Weishen Chen1,2, Xuantao Hu1,2, Chen Gu3

  • 1Department of Joint Surgery, The First Affiliated Hospital of Sun Yat-Sen University, Guangzhou, China.

Digital Health
|May 20, 2024
PubMed
Abstract

Insights

A new machine learning (ML) diagnostic system improves periprosthetic joint infection (PJI) detection.

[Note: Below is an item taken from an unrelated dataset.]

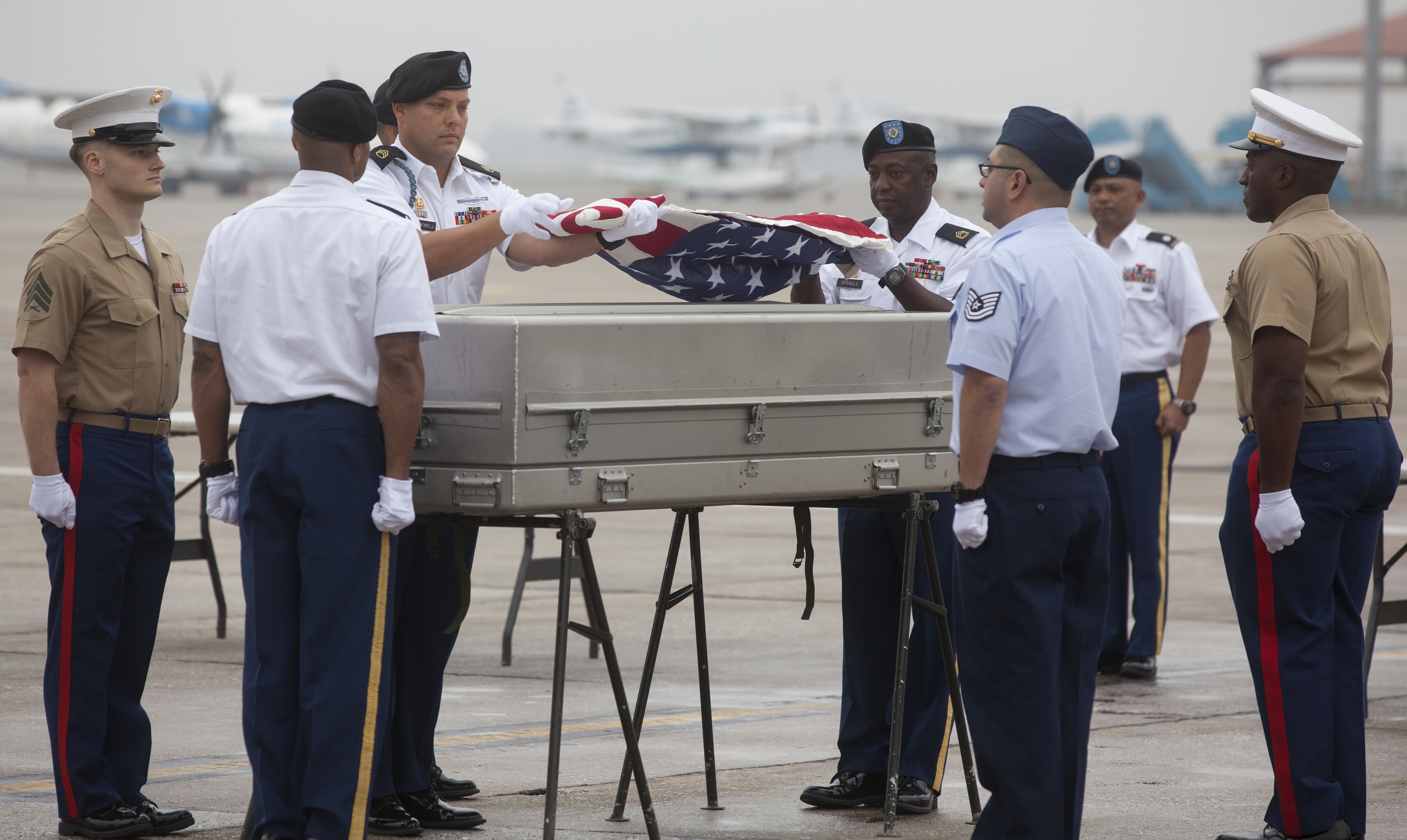 Các quân nhân Hoa Kỳ thuộc Cơ quan Kiểm kê Tù binh/Người mất tích trong chiến tranh (DPAA) phủ lá cờ Hoa Kỳ lên quan tài chứa hài cốt của các quân nhân Hoa Kỳ chưa xác định danh tính trong buổi lễ hồi hương do DPAA tổ chức tại Hà Nội, Việt Nam, ngày 13 tháng 12 năm 2017. Ảnh: Jamarius Fortson / Quân đội Hoa Kỳ

This ML model offers higher accuracy than current criteria, aiding surgical decisions.

Area of Science:

  • Orthopedic Surgery
  • Medical Diagnostics
  • Machine Learning in Healthcare

Background:

  • Existing criteria for diagnosing periprosthetic joint infection (PJI) have limitations in early detection.
  • There is a need for more accurate and timely diagnostic tools for PJI.

Purpose of the Study:

  • To develop and validate a novel machine learning (ML)-derived diagnostic system for the early detection of PJI.
  • To compare the performance of the ML system against established diagnostic criteria.

Main Methods:

  • A two-level ML model was developed using six base learners and one meta-learner, trained on retrospective PJI patient data.
  • Diagnostic indicators were filtered from literature and a retrospective cohort.
  • The model incorporated 21 features, including imaging (X-ray, CT), and was validated on a separate prospective cohort.
  • A user-friendly web tool was created based on the ML model.

Main Results:

  • The ML model demonstrated significantly higher sensitivity (90.6% vs. 76.1%) and accuracy (94.5% vs. 86.7%) compared to the International Consensus Meeting 2018 (ICM 2018) criteria in the development cohort.
  • Internal validation confirmed the ML model's superior performance (84.2% vs. 78.6% sensitivity; 94.6% vs. 81.8% accuracy).

Conclusions:

  • The novel ML-derived PJI diagnostic system shows improved diagnostic accuracy and potency for surgical decision-making.
  • The developed web-based tool effectively assists surgeons in comprehensively diagnosing PJI.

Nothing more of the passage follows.